GIVEN DATA ▸
· · · · ·

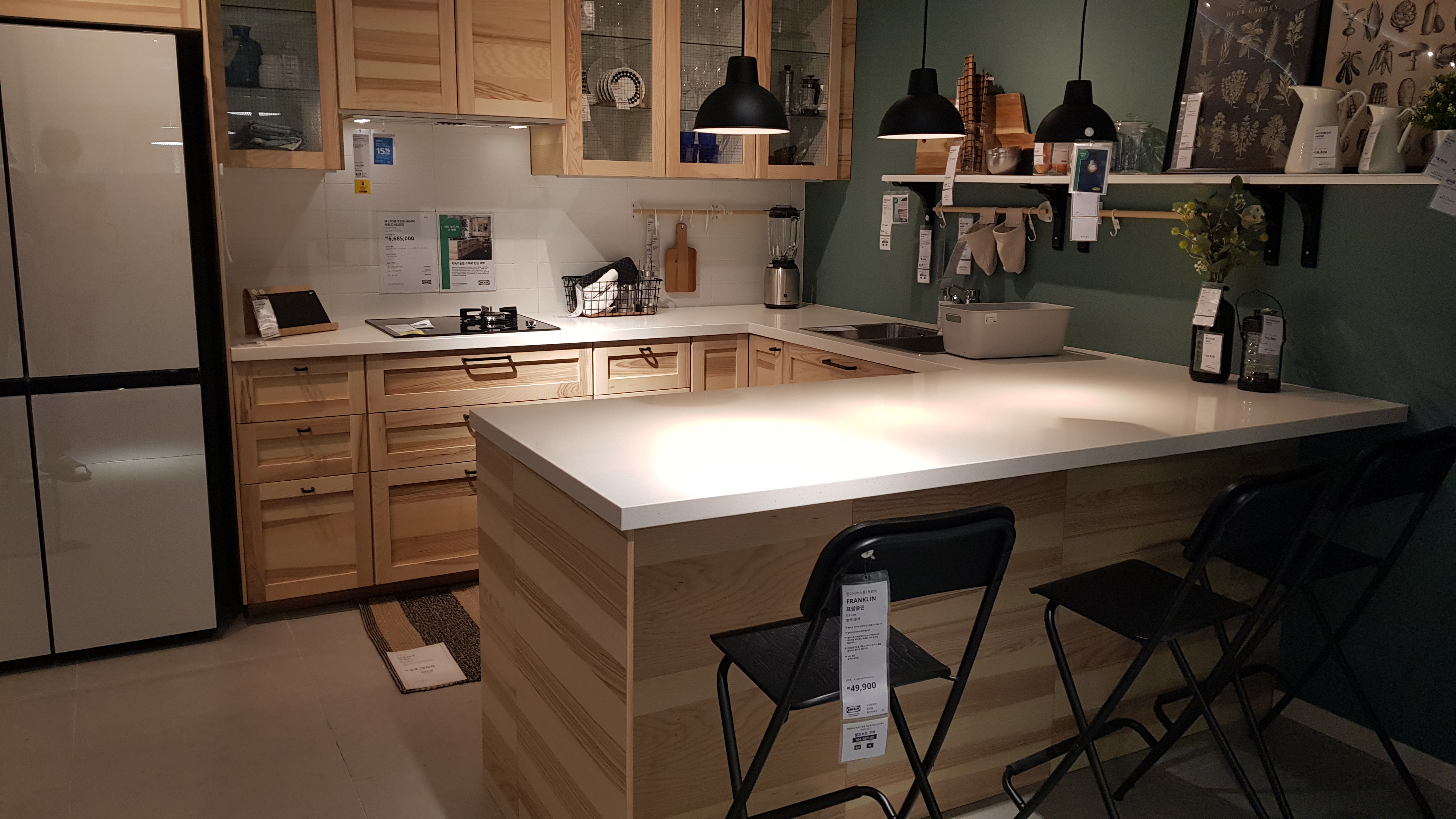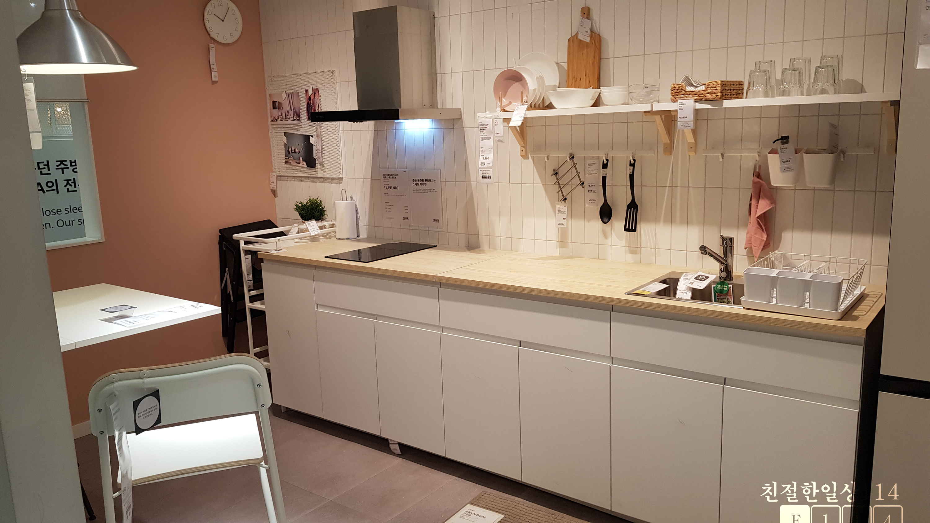 이케아 동부산점에 들렸다가 3층 쇼룸에서 디자인해 놓은 주방을 보았다. 이곳에서는 이케아에서 판매중인 자재와 물건들로 주방을 인테리어하고 꾸며놓았는데 깔끔하고 모던하게 해두어 공간마다 눈길을 사로 잡는다.
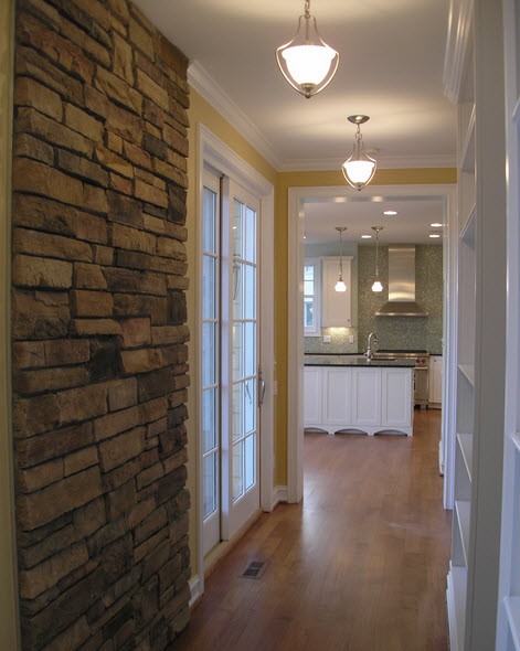 - После очистки и обработки поверхности грунтом приступаем к укладке. Отделка коридора камнем производится в определенной последовательности. Начинают с внешних углов, короткие и длинные элементы чередуются для создания красивой фактуры. Это в том случае, если выбранный вид камней имеет их в своих комплектах. Если такие элементы не предусмотрены, укладка ведется обычным способом снизу вверх. Далее укладывается основная площадь.
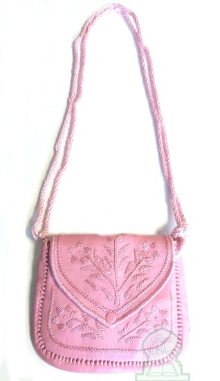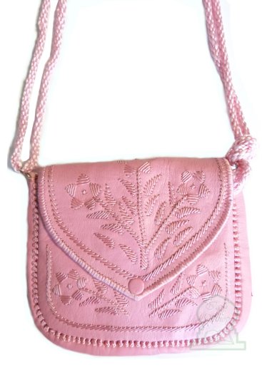 Sac artisanal marocain en cuir de couleur rose avec de jolis motifs cousus - REF. 17545 (20.00 €)
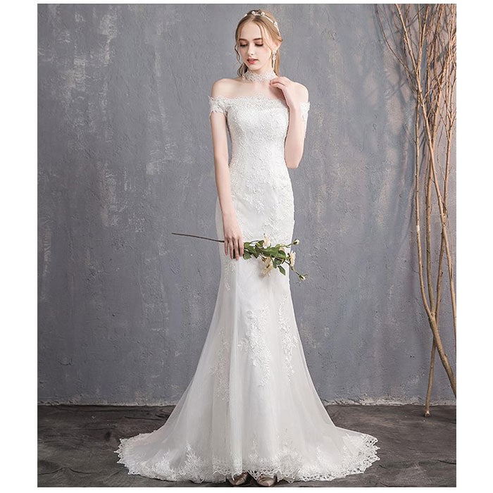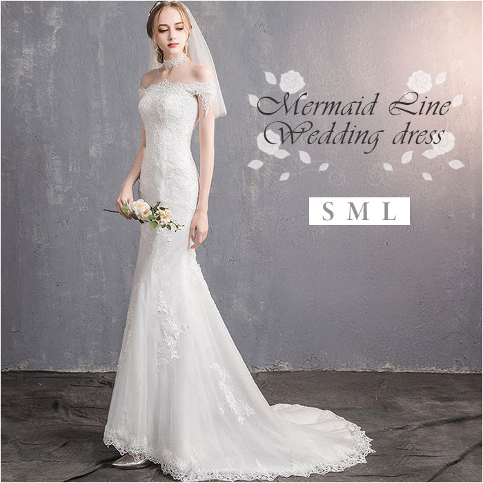 ウェディングドレス マーメイドライン トレーン【ホワイト】【Mサイズ】

· · · · ·

EXERCISE ▸ Write out the data above in full and exactly, but without the pictures.

ANSWER FOR THIS EXERCISE ▸
 이케아 동부산점에 들렸다가 3층 쇼룸에서 디자인해 놓은 주방을 보았다. 이곳에서는 이케아에서 판매중인 자재와 물건들로 주방을 인테리어하고 꾸며놓았는데 깔끔하고 모던하게 해두어 공간마다 눈길을 사로 잡는다.
 - После очистки и обработки поверхности грунтом приступаем к укладке. Отделка коридора камнем производится в определенной последовательности. Начинают с внешних углов, короткие и длинные элементы чередуются для создания красивой фактуры. Это в том случае, если выбранный вид камней имеет их в своих комплектах. Если такие элементы не предусмотрены, укладка ведется обычным способом снизу вверх. Далее укладывается основная площадь.
 Sac artisanal marocain en cuir de couleur rose avec de jolis motifs cousus - REF. 17545 (20.00 €)
 ウェディングドレス マーメイドライン トレーン【ホワイト】【Mサイズ】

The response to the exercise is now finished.